En lugar de responder, nuestra anfitriona ha apelado a Berengar Blanchi.

– Seguro que Imbert os ayudará -ha dicho-. Ya lo ha hecho otras veces, ¿verdad?

Berengar debía de tener la cabeza en otra parte, porque he notado que tenía la mirada perdida en el aire y he oído que musitaba unas palabras por lo bajo. Blaise le ha dado un ligero codazo.

Pese a ello, aquel visionario estaba tan disperso que ha tardado un momento en darse cuenta de dónde estaba.

– ¿Sí? -ha dicho al tiempo que parpadeaba.

– Imbert le ayudará, ¿verdad? -ha reiterado Na Berengaria-. Sé que lo ha hecho otras veces.

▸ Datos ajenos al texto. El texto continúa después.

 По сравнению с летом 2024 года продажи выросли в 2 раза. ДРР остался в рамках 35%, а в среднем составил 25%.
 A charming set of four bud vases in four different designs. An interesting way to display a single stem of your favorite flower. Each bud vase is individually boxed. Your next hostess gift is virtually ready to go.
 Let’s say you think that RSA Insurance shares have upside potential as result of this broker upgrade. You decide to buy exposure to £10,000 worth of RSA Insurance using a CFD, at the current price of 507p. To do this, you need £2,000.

Consiguió un pasaje en aquella barcaza a La Franqui, ¿no os acordáis?

– ¡Ah, sí! -Esa ha sido su vaga respuesta.

En ese momento, he corrido la clase de riesgo que evito normalmente y he formulado una pregunta muy precisa.

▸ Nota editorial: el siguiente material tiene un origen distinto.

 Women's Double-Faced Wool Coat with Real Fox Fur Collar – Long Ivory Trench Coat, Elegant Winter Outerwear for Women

– ¿Ayudasteis a que alguien escapara río abajo? ¿Escondido en una barcaza?

– Fue Imbert Rubei quien lo consiguió -ha dicho Berengaria-. Tiene muchos amigos entre los barqueros y los mercaderes.

– ¿Fue uno de los que treparon por la muralla? -le he preguntado.

Ella ha movido negativamente la cabeza.

– Aquéllos fueron a Béziers -ha dicho con un suspiro-, pero Béziers ha dejado de ser un lugar seguro para los que están bajo sospecha. Como también todo sitio próximo a Carcasona o a Tolosa. Por eso Imbert ayudó a Jacques Bonet a huir en la barcaza.

Me sería difícil describir los sentimientos que he experimentado en aquel momento. ¡Por fin! Seguramente una parte de la tensión que sentía se ha transmitido a Martin a través de mi mano porque ha levantado los ojos hacia mí y me ha mirado sobresaltado.

– ¿Y dónde se encuentra ahora vuestro amigo Jacques? -he preguntado y para explicar mi interés, he añadido-. ¿No podría ir yo al mismo sitio?

Ha parecido que Na Berengaria se veía incapaz de responder. Tras vacilar un momento, ha vuelto a apelar a Berengar Blanchi.